# Work to complete:
Without including any images, reproduce each entry exactly.

Data items
######

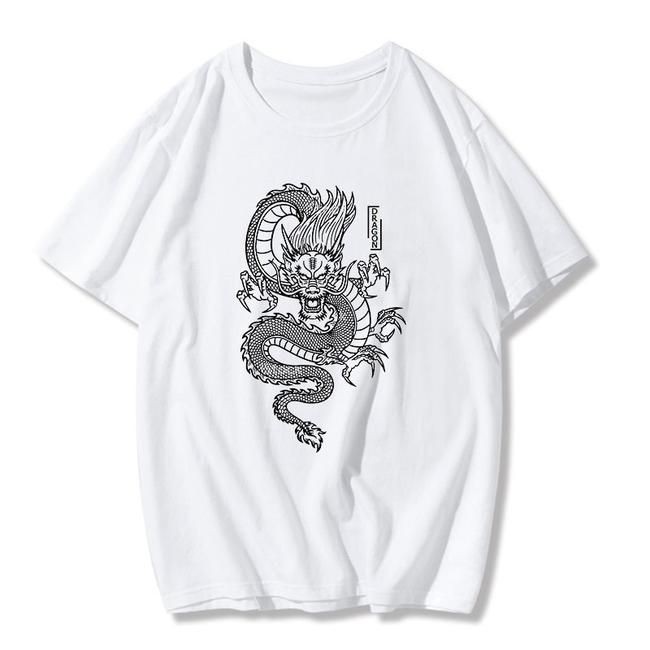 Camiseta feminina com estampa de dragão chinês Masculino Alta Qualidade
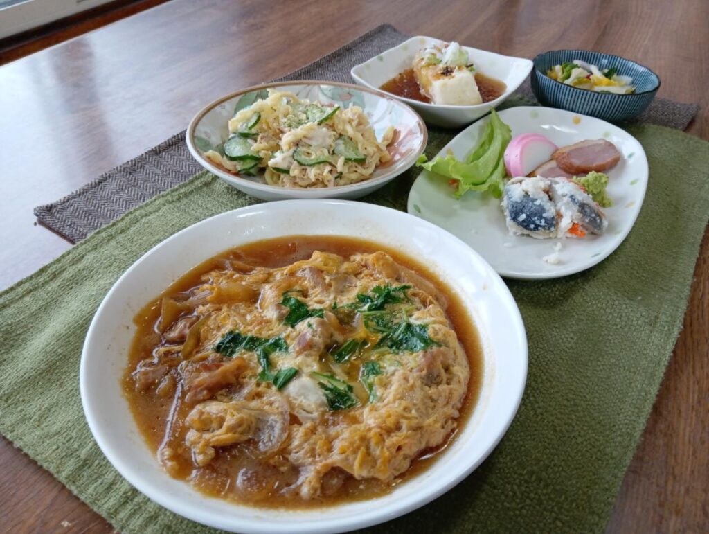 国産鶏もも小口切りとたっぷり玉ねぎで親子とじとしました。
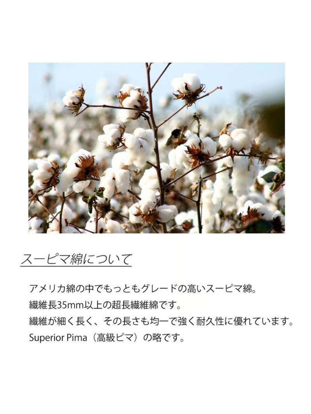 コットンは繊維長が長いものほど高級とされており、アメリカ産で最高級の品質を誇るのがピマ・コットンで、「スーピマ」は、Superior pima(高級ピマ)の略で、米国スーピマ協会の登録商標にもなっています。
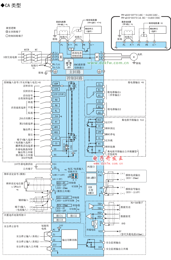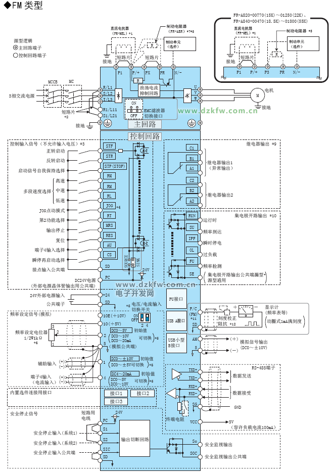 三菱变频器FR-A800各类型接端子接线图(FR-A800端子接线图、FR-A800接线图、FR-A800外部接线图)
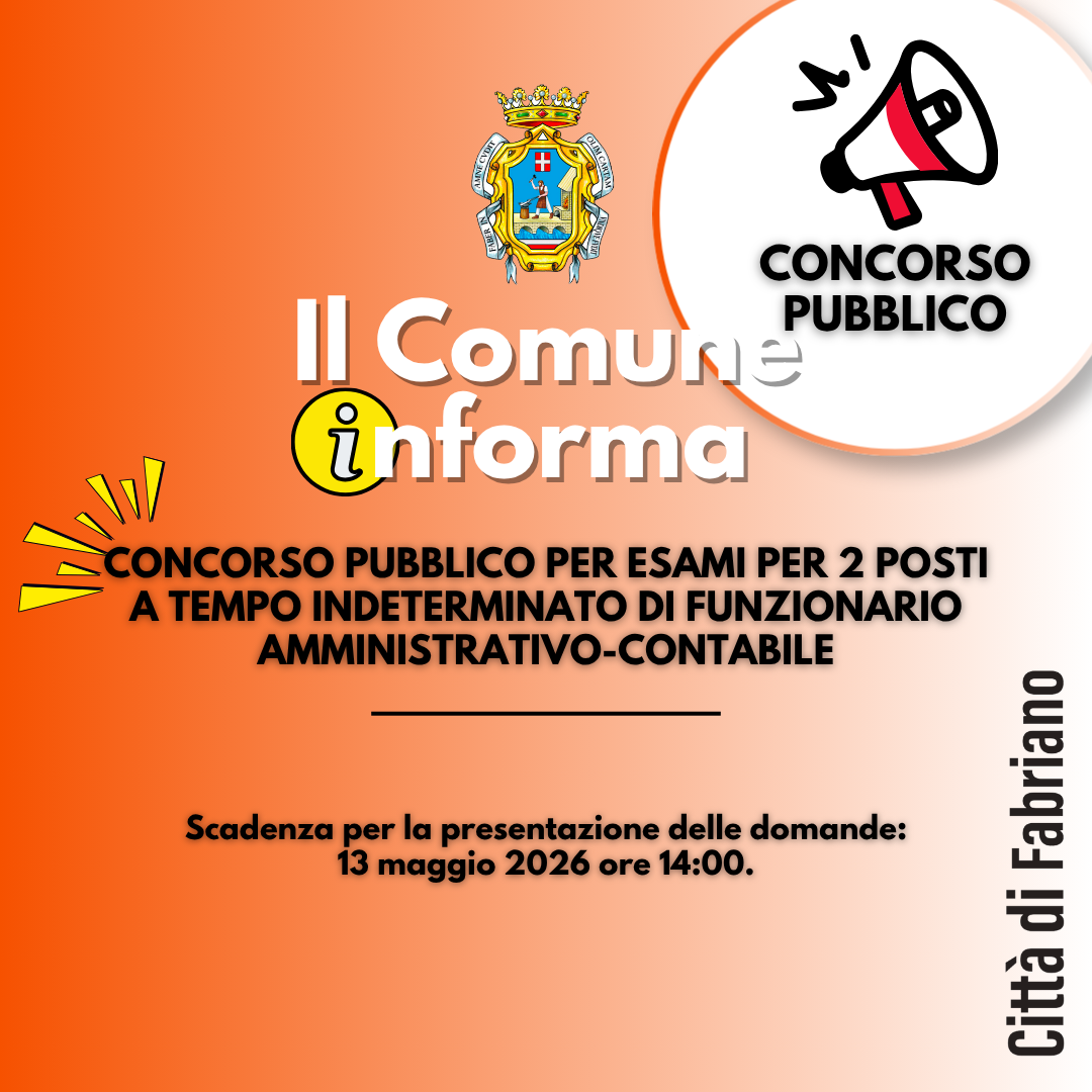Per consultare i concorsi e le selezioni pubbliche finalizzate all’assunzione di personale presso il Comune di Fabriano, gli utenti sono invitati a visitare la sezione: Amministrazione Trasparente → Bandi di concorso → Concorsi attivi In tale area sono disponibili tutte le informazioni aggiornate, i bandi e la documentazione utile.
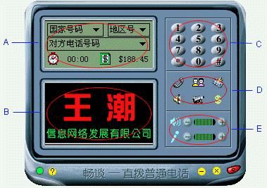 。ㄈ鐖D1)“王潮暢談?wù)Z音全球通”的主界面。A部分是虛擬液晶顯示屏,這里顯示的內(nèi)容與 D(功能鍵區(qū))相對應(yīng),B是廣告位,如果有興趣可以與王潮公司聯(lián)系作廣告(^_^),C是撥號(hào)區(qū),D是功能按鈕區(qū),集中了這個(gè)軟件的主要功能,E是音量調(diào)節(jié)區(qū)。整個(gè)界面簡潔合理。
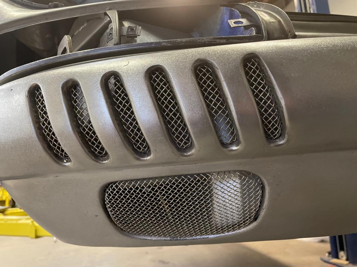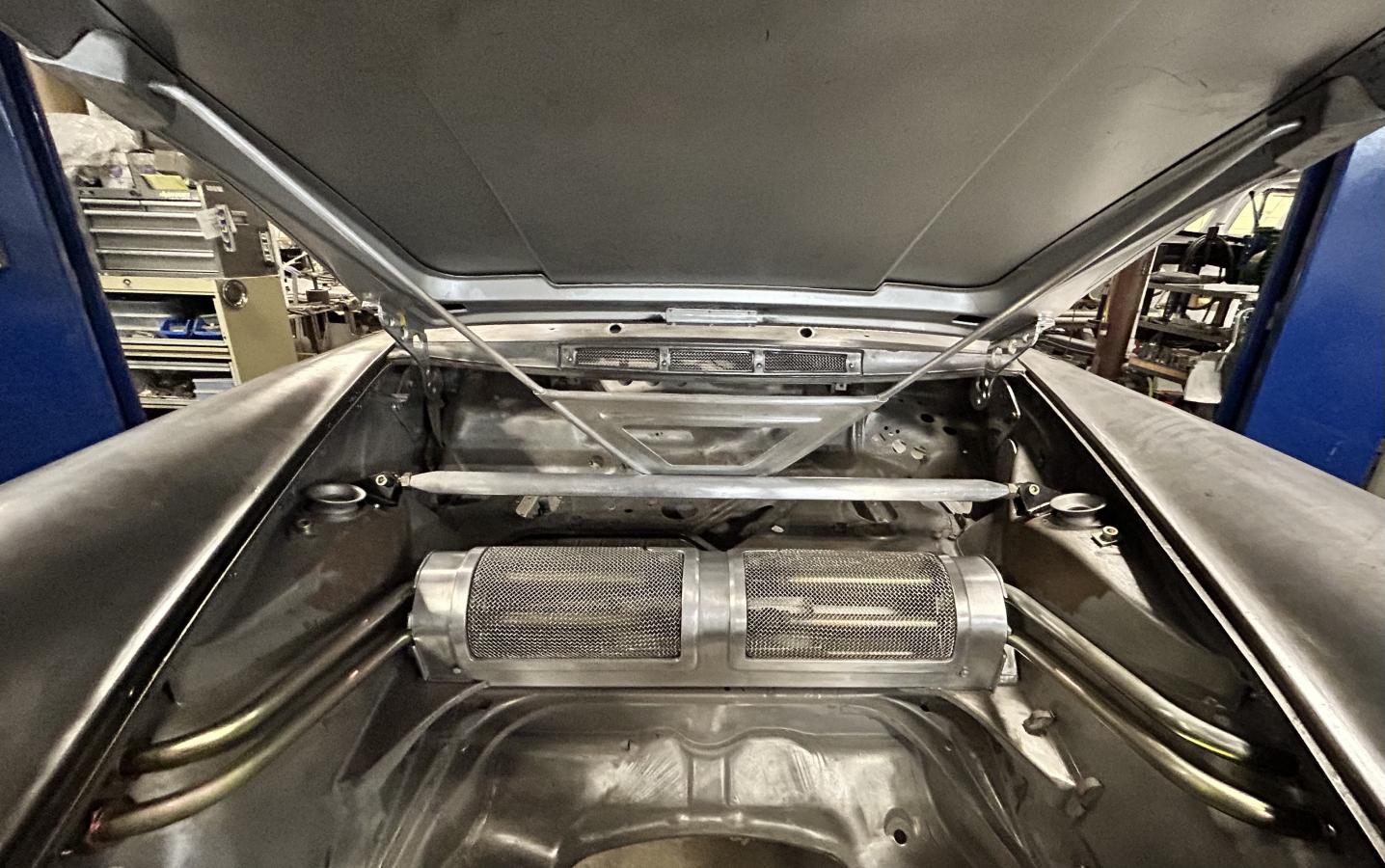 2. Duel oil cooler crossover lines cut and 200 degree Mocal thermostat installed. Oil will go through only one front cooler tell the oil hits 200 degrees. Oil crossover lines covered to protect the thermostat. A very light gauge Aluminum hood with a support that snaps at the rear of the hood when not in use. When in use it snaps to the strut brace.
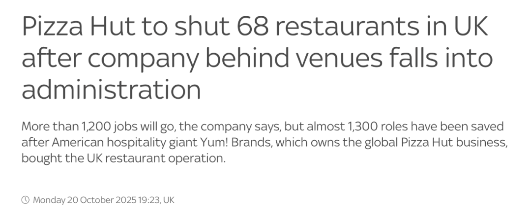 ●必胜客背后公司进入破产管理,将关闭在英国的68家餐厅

######

# Answer to the problem:
 Camiseta feminina com estampa de dragão chinês Masculino Alta Qualidade
 国産鶏もも小口切りとたっぷり玉ねぎで親子とじとしました。
 コットンは繊維長が長いものほど高級とされており、アメリカ産で最高級の品質を誇るのがピマ・コットンで、「スーピマ」は、Superior pima(高級ピマ)の略で、米国スーピマ協会の登録商標にもなっています。
 三菱变频器FR-A800各类型接端子接线图(FR-A800端子接线图、FR-A800接线图、FR-A800外部接线图)
Per consultare i concorsi e le selezioni pubbliche finalizzate all’assunzione di personale presso il Comune di Fabriano, gli utenti sono invitati a visitare la sezione: Amministrazione Trasparente → Bandi di concorso → Concorsi attivi In tale area sono disponibili tutte le informazioni aggiornate, i bandi e la documentazione utile.
 。ㄈ鐖D1)“王潮暢談?wù)Z音全球通”的主界面。A部分是虛擬液晶顯示屏,這里顯示的內(nèi)容與 D(功能鍵區(qū))相對應(yīng),B是廣告位,如果有興趣可以與王潮公司聯(lián)系作廣告(^_^),C是撥號(hào)區(qū),D是功能按鈕區(qū),集中了這個(gè)軟件的主要功能,E是音量調(diào)節(jié)區(qū)。整個(gè)界面簡潔合理。
 2. Duel oil cooler crossover lines cut and 200 degree Mocal thermostat installed. Oil will go through only one front cooler tell the oil hits 200 degrees. Oil crossover lines covered to protect the thermostat. A very light gauge Aluminum hood with a support that snaps at the rear of the hood when not in use. When in use it snaps to the strut brace.
 ●必胜客背后公司进入破产管理,将关闭在英国的68家餐厅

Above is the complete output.